• WHAT YOU WILL DO
Leaving pictures aside, restate exactly the lines of the data below, from the first one through the line that contains "Compact and versatile, the".

• SOURCE MATERIAL
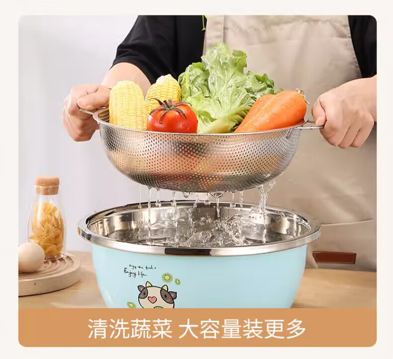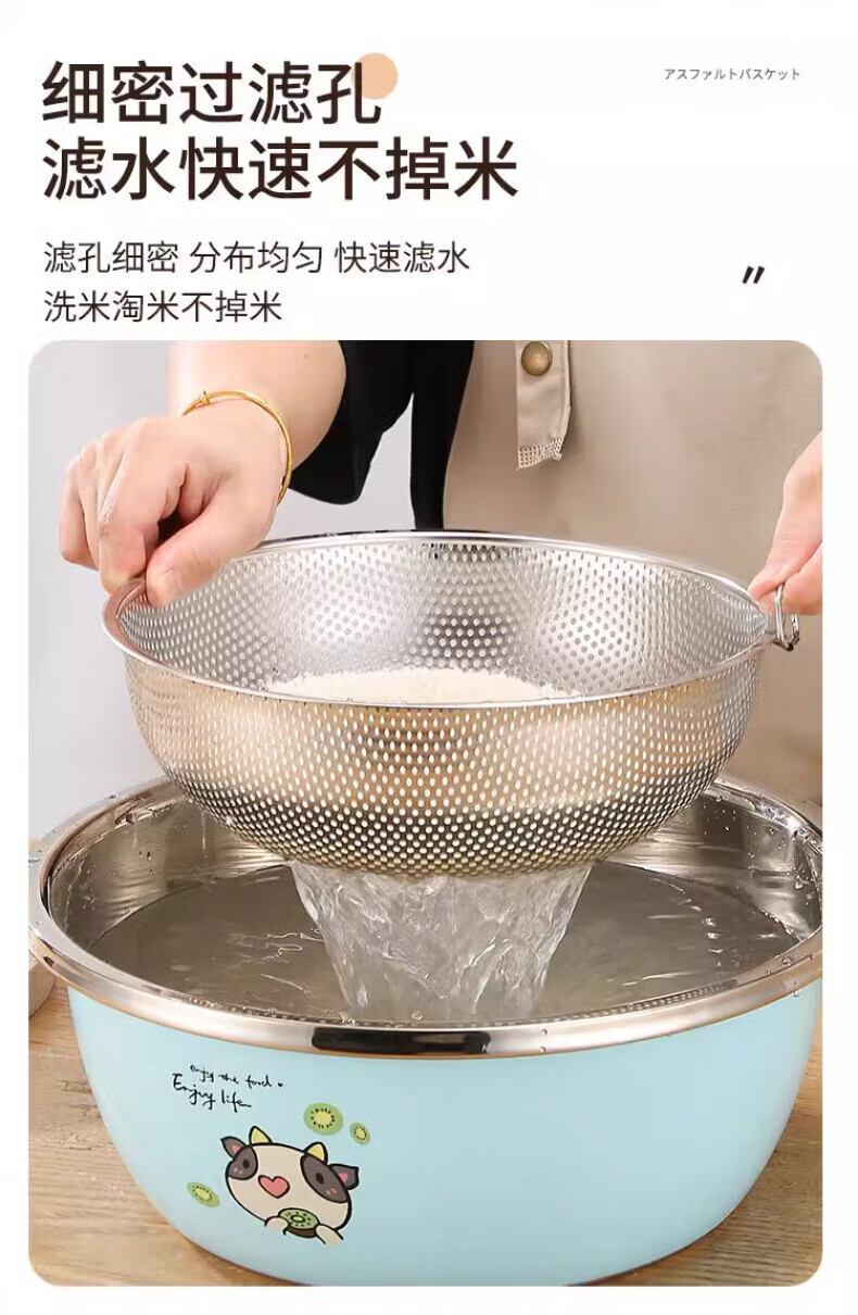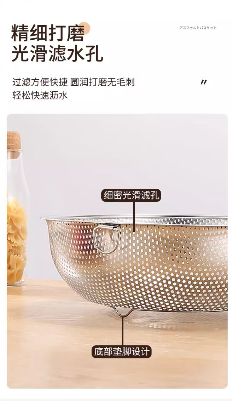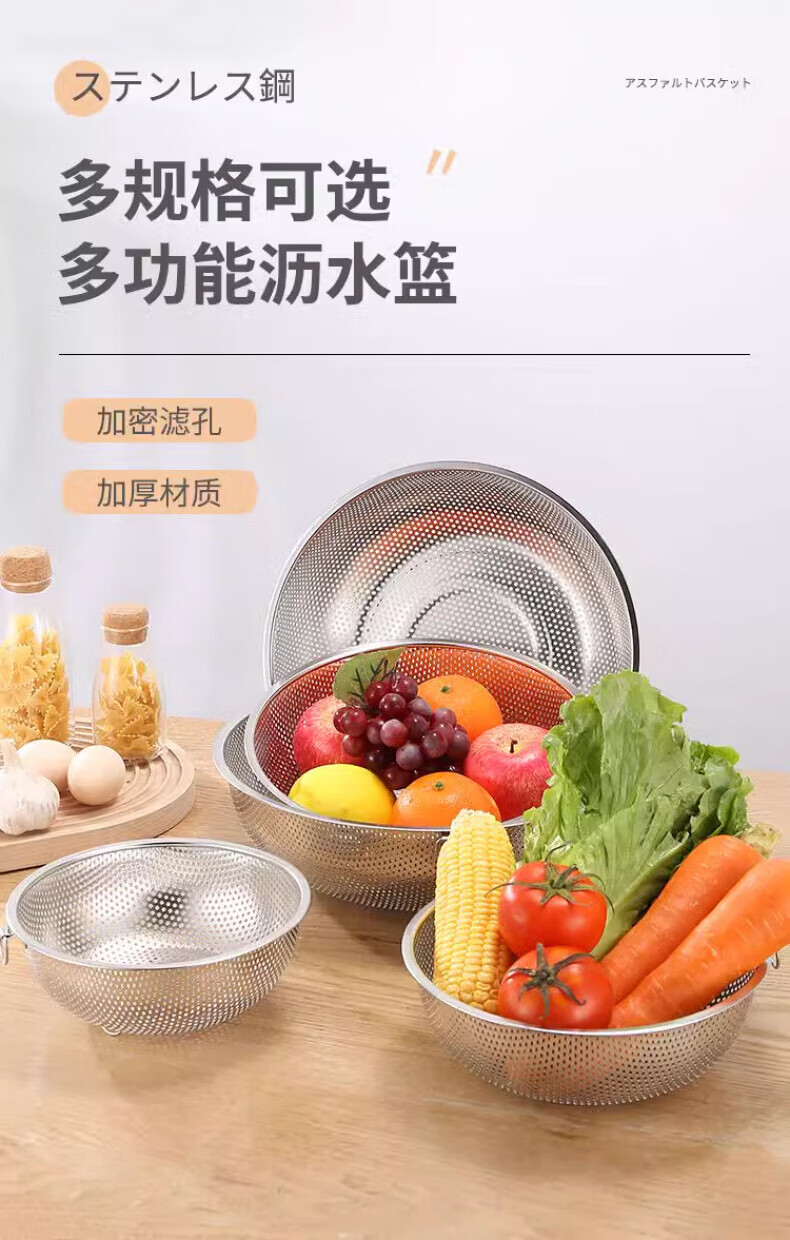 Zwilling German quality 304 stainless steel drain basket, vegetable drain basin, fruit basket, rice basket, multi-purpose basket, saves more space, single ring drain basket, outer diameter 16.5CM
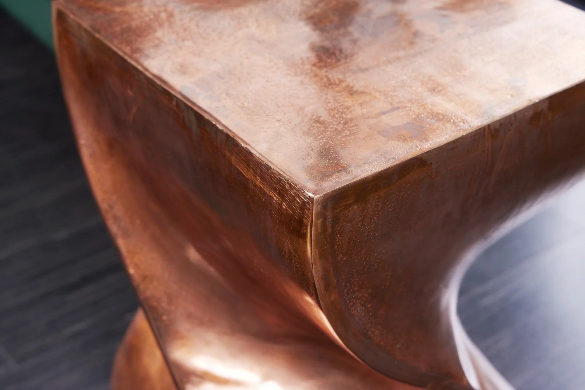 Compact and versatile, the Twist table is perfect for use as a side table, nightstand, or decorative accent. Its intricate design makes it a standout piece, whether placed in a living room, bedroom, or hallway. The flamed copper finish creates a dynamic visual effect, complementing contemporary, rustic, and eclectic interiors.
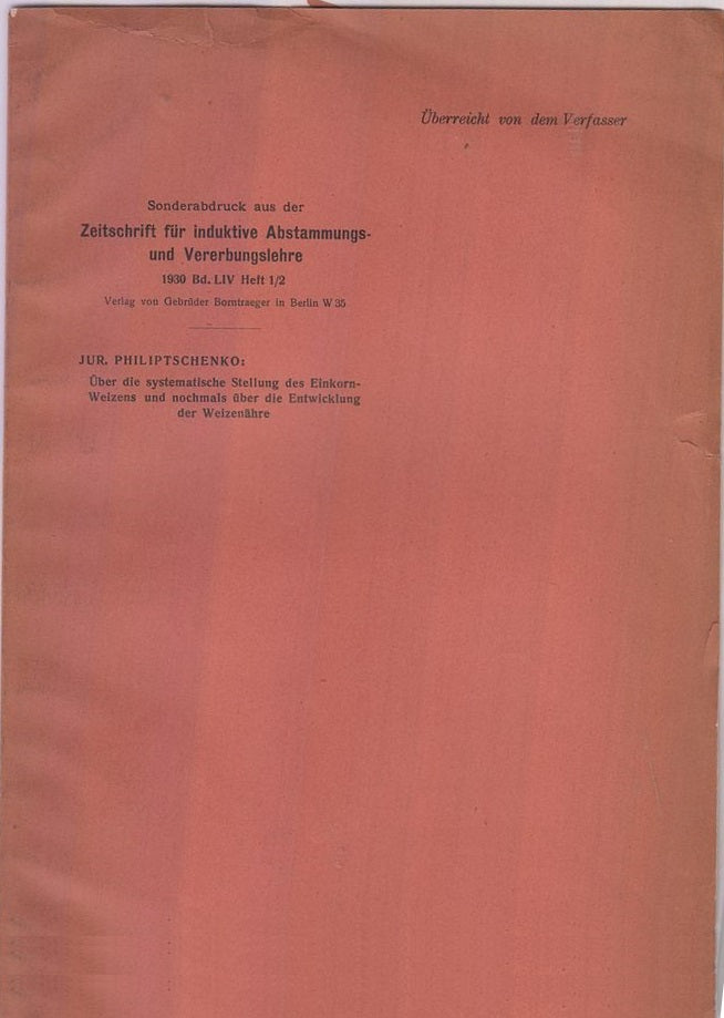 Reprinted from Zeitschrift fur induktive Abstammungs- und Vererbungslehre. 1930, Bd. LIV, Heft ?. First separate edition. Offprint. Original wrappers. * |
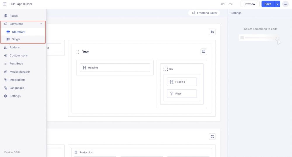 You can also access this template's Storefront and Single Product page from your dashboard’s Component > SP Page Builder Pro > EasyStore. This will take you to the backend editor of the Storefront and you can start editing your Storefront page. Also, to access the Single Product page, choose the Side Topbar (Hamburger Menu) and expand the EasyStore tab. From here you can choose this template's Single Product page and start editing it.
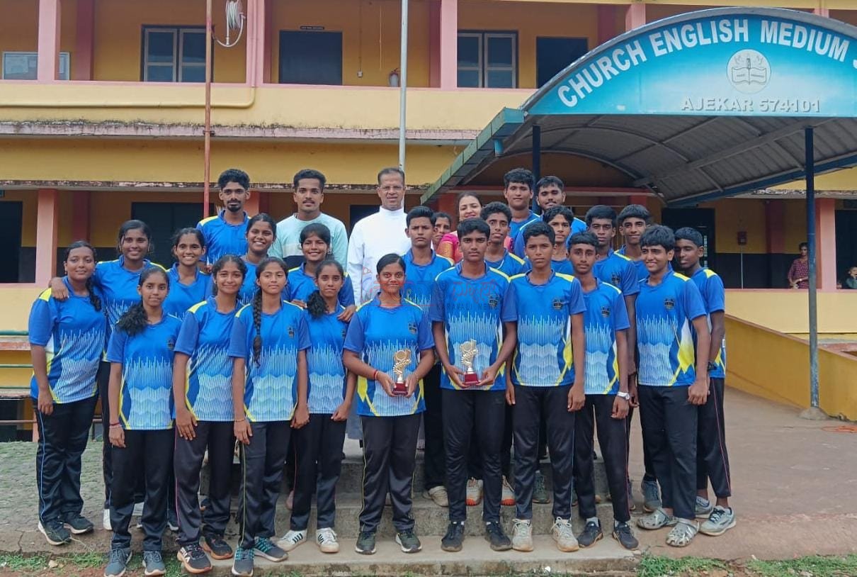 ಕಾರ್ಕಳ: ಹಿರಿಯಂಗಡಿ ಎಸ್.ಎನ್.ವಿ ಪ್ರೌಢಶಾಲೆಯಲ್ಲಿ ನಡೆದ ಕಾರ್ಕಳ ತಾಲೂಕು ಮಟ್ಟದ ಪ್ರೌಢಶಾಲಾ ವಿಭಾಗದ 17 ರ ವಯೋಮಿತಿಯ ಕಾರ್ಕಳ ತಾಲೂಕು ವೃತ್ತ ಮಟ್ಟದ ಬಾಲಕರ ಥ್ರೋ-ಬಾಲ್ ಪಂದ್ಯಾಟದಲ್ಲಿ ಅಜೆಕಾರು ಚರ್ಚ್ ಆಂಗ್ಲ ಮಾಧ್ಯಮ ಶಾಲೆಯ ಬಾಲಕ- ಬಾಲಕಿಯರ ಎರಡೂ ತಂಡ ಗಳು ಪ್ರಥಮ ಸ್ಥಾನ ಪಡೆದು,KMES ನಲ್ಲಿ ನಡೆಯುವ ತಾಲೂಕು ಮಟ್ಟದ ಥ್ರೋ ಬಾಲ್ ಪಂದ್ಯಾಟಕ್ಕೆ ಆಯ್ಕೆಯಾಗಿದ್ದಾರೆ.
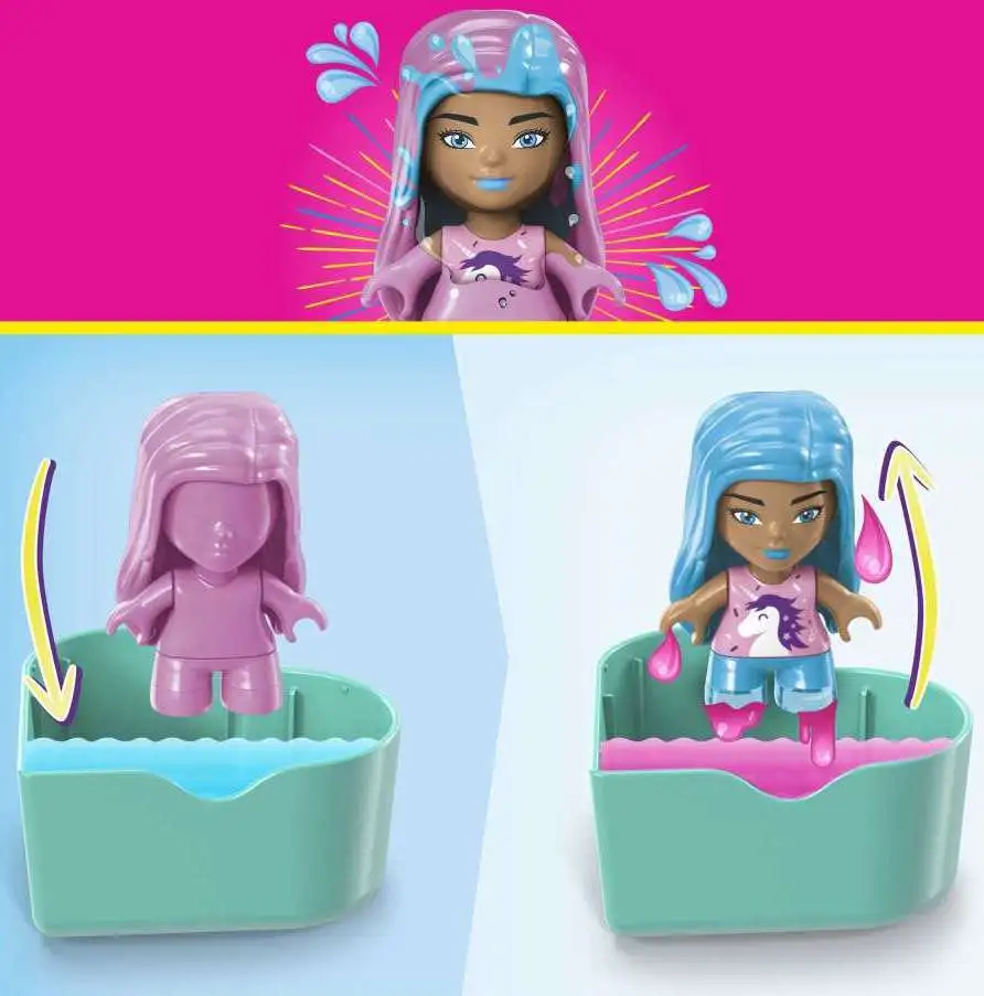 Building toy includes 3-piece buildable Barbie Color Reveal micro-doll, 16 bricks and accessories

• RESULT BELOW
 Zwilling German quality 304 stainless steel drain basket, vegetable drain basin, fruit basket, rice basket, multi-purpose basket, saves more space, single ring drain basket, outer diameter 16.5CM
 Compact and versatile, the Twist table is perfect for use as a side table, nightstand, or decorative accent. Its intricate design makes it a standout piece, whether placed in a living room, bedroom, or hallway. The flamed copper finish creates a dynamic visual effect, complementing contemporary, rustic, and eclectic interiors.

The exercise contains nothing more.